I guess there are many things that seem curious as to some issues, such as Trump (or Hillary) for President ; different male to female responses to thing like Bill Clinton’s philanderings, or Julian Assange ‘s misfortunes say, or even the efficacy of Botoxing. In the end, what you must hope for are variant viewpoints and the patience to try and understand a context in which a given commenter might be arguing a point.

I have probably missed the point of this thread starter and will no doubt be told by all sorts of folk how this has come to pass and what it says about my brains, but I really am not trying to be doctrinaire on anything , so much as just musing
“out loud”on the thread starter…by all means fill me in if you think Ive missed the point, but don’t just blast me off ,say why, so I get whatever real point I should have got, also.

paul walter
paul walter
7 years ago

Nick, wow!… something actually happened in Adelaide. Got home before the weather hit and had an afternoon snooze, woke up to find the power gone eventually like, everywhere.

Mercifully I had kept a supply of candles for the day it was going to happen and had a gas stove’, so I was laughing really. Everything dark and quiet, like out in the country, except for the occasional muffled cavilings of neighbours in the street and it was beaut going for a walk later when it got boring, up to the bridge to survey from on high…everything out except a couple of street lights on the bridge and elsewhere.

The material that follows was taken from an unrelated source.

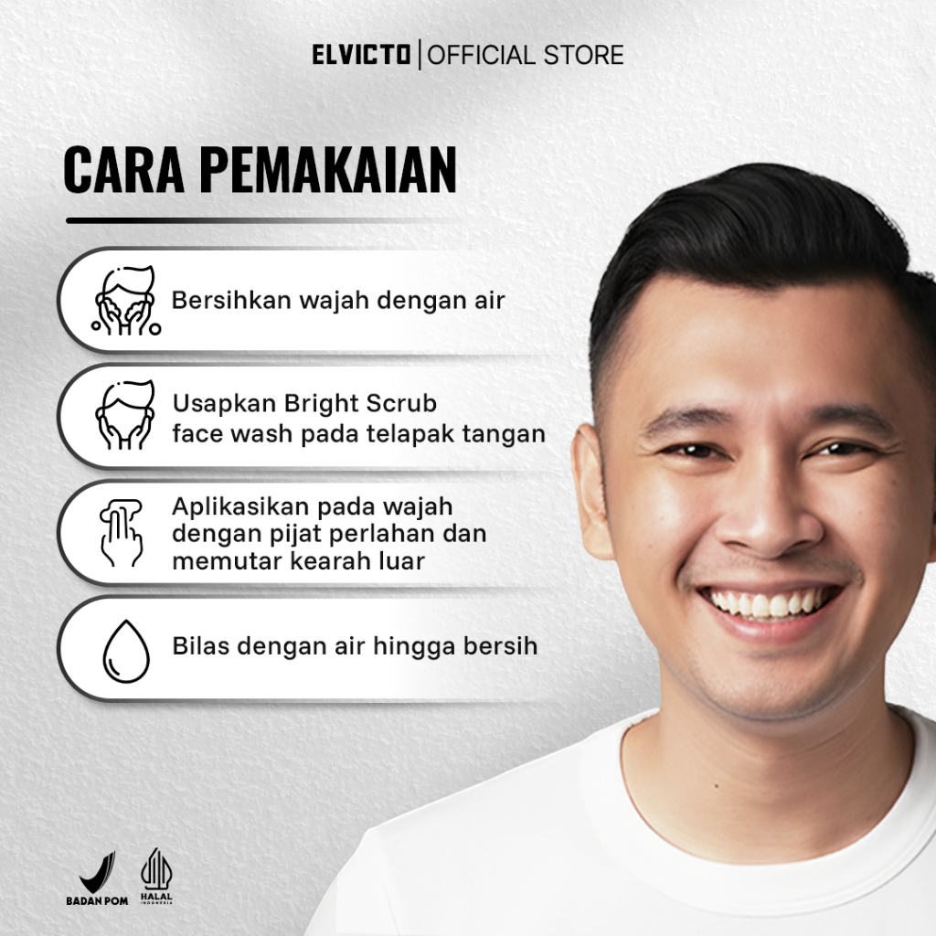 [Non Sls] Elvicto Bright Scrub Face Wash 100Gr |Bright Scrub Face Wash Micro Scrub Cerah Tak Berminyak Oil Control Face

End up sitting in the dark with the cat on lap when it all came back on.

Figuring out how it came to pass and how the system seemed not to able to cope better is the game unfolding…Frydenberg, grandstanding.. the Premier ducking and weaving like Cassius Clay; who says talking about the weather is boring or politics can’t be fun!

john Walker
7 years ago
Reply to  paul walter

We are in Burra, power was off for 19 hours and mobile phone is more off than on, and its very wet and cold. Not the best for plein air work , luckily we are well stocked with Clarke Shiraz :-)

paul walter
paul walter
7 years ago

Thing that worries me is, if they can’t get this right, what are the prospects concerning oil rigs in the Bight or nuclear dumps?